**DESCRIPTION OF THE TASK**
Repeat verbatim, and only, the lines of the data below, beginning at the line that contains "Tento je funkční: smtp.mail.tiscali.cz ...." and stopping after the line that contains "2-к, Челюскина, 8 Показать на карте".

**SUPPLIED RECORDS**

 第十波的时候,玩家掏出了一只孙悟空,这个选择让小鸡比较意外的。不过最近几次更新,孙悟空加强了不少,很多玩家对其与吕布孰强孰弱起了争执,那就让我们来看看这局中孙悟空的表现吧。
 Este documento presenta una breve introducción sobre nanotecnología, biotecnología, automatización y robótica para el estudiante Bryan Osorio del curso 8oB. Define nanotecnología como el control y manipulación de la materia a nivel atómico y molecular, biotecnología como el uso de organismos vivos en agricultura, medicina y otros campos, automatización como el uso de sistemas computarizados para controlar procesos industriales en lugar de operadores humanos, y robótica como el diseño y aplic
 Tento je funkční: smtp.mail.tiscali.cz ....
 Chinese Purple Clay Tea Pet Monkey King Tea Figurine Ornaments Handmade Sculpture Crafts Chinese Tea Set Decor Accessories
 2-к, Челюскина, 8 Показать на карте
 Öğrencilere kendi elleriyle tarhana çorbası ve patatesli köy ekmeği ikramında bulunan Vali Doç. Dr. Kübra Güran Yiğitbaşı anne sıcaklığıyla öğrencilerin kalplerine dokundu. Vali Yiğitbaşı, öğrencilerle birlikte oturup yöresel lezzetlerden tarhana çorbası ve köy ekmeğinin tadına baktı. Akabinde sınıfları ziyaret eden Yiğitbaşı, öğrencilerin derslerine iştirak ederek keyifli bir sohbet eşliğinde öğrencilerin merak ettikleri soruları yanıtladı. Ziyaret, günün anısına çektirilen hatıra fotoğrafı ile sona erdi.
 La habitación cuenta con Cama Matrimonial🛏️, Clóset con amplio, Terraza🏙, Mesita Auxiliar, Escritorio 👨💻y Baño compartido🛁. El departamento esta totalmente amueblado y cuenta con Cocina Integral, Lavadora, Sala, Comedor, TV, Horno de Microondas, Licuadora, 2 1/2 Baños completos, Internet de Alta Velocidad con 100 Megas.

**RESULT BELOW**
 Tento je funkční: smtp.mail.tiscali.cz ....
 Chinese Purple Clay Tea Pet Monkey King Tea Figurine Ornaments Handmade Sculpture Crafts Chinese Tea Set Decor Accessories
 2-к, Челюскина, 8 Показать на карте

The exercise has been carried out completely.